• Assignment:
What you return should match the data word for word, minus the images.

☆ ☆ ☆ ☆ ☆ ☆ ☆

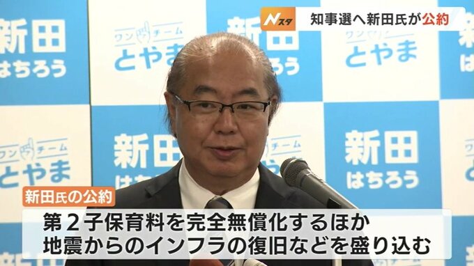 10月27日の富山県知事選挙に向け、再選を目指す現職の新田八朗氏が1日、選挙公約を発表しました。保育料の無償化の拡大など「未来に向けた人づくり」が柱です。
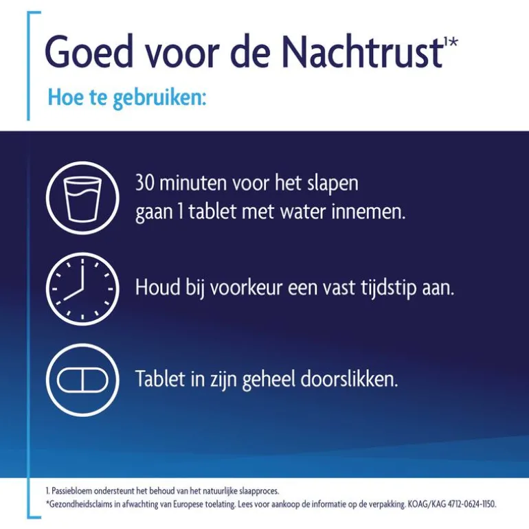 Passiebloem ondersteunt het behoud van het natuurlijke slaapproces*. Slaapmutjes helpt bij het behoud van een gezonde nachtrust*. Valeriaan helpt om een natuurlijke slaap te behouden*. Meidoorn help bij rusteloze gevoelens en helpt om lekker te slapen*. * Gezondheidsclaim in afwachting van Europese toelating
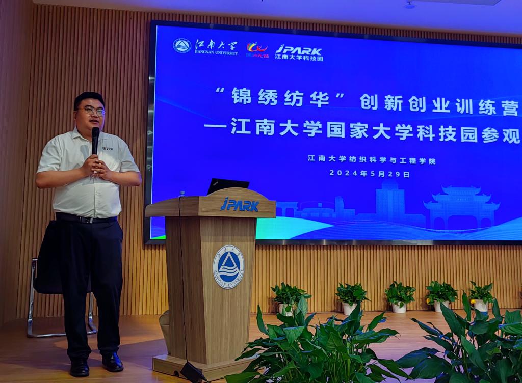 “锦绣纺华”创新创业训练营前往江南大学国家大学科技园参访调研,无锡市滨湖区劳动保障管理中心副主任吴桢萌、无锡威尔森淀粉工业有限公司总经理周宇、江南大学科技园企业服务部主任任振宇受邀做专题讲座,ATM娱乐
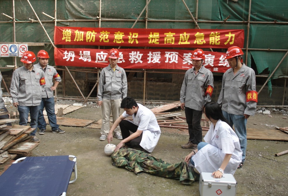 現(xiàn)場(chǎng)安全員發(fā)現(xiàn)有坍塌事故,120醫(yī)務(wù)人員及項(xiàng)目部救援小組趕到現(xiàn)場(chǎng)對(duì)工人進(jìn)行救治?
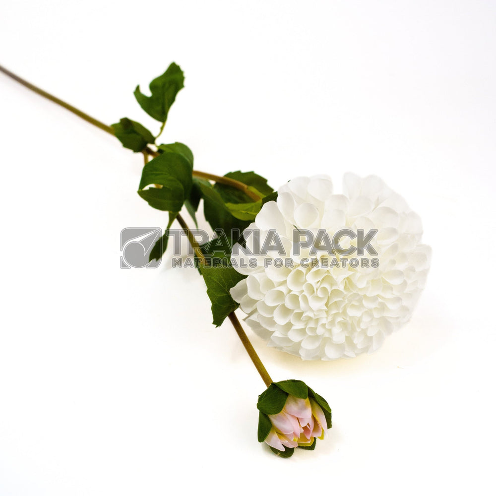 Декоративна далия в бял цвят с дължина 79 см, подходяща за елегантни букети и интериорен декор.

☆ ☆ ☆ ☆ ☆ ☆ ☆

• The answer:
 10月27日の富山県知事選挙に向け、再選を目指す現職の新田八朗氏が1日、選挙公約を発表しました。保育料の無償化の拡大など「未来に向けた人づくり」が柱です。
 Passiebloem ondersteunt het behoud van het natuurlijke slaapproces*. Slaapmutjes helpt bij het behoud van een gezonde nachtrust*. Valeriaan helpt om een natuurlijke slaap te behouden*. Meidoorn help bij rusteloze gevoelens en helpt om lekker te slapen*. * Gezondheidsclaim in afwachting van Europese toelating
 “锦绣纺华”创新创业训练营前往江南大学国家大学科技园参访调研,无锡市滨湖区劳动保障管理中心副主任吴桢萌、无锡威尔森淀粉工业有限公司总经理周宇、江南大学科技园企业服务部主任任振宇受邀做专题讲座,ATM娱乐
 現(xiàn)場(chǎng)安全員發(fā)現(xiàn)有坍塌事故,120醫(yī)務(wù)人員及項(xiàng)目部救援小組趕到現(xiàn)場(chǎng)對(duì)工人進(jìn)行救治?
 Декоративна далия в бял цвят с дължина 79 см, подходяща за елегантни букети и интериорен декор.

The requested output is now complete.